Earlier yesterday, Wu said: “The national security agencies rejected the entry of [people of] Eastern Turkistan in July when the World Games were held [in Kaohsiung] and during the Deaflympics in Taipei [earlier this month]. On the grounds of national security, the national interest and public safety, the Ministry of the Interior [MOI] will not issue a visa [to Kadeer]. I respect and support the decision.”
Asked if the government considered Kadeer a terrorist, Wu said: “Not to that extent, but she has ties to [terrorist organizations] to some degree.”

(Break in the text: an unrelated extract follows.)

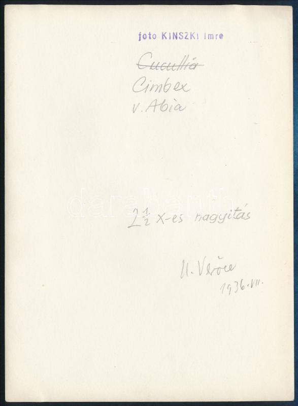 1936 Kinszki Imre (1901-1945) budapesti fotóművész hagyatékából pecséttel jelzett, feliratozott vintage fotóművészeti alkotás (N. Verőce, Cimbex v. Abia), 18x13 cm

Asked if he believed that Kadeer, a nominee for the 2006 Nobel Peace Prize, would launch terrorist attacks, Wu said: “Neither you nor I can fully understand all the details, but the MOI, the National Immigration Agency and other [government] units understand what the situation is in the international community.”
On Japan issuing Kadeer a visa, Wu said: “There are great differences between the situation of Japan and that of our country. [The decision was made] on the grounds of comprehensive consideration.”
Wu did not specify what the differences were.
At a separate setting yesterday, Kaohsiung Mayor Chen Chu (陳菊) called on the central government to cautiously handle its decision to deny Kadeer entry to Taiwan, saying that “the denial of entry is a human rights issue.”
“Generally speaking, it’s a travesty of human rights to reject entry [to specific people]. In a democratic country, [the government] should adopt a more tolerant and open attitude in dealing with such problems,” Chen said.
DPP Chairperson Tsai Ing-wen (蔡英文) yesterday said the government should be honest about why it rejected Kadeer’s visit if the decision was made under pressure from China.
“Otherwise it is disrespectful to the Uighur people as well as to Taiwanese people’s judgement by branding Kadeer a terrorist,” Tsai said yesterday.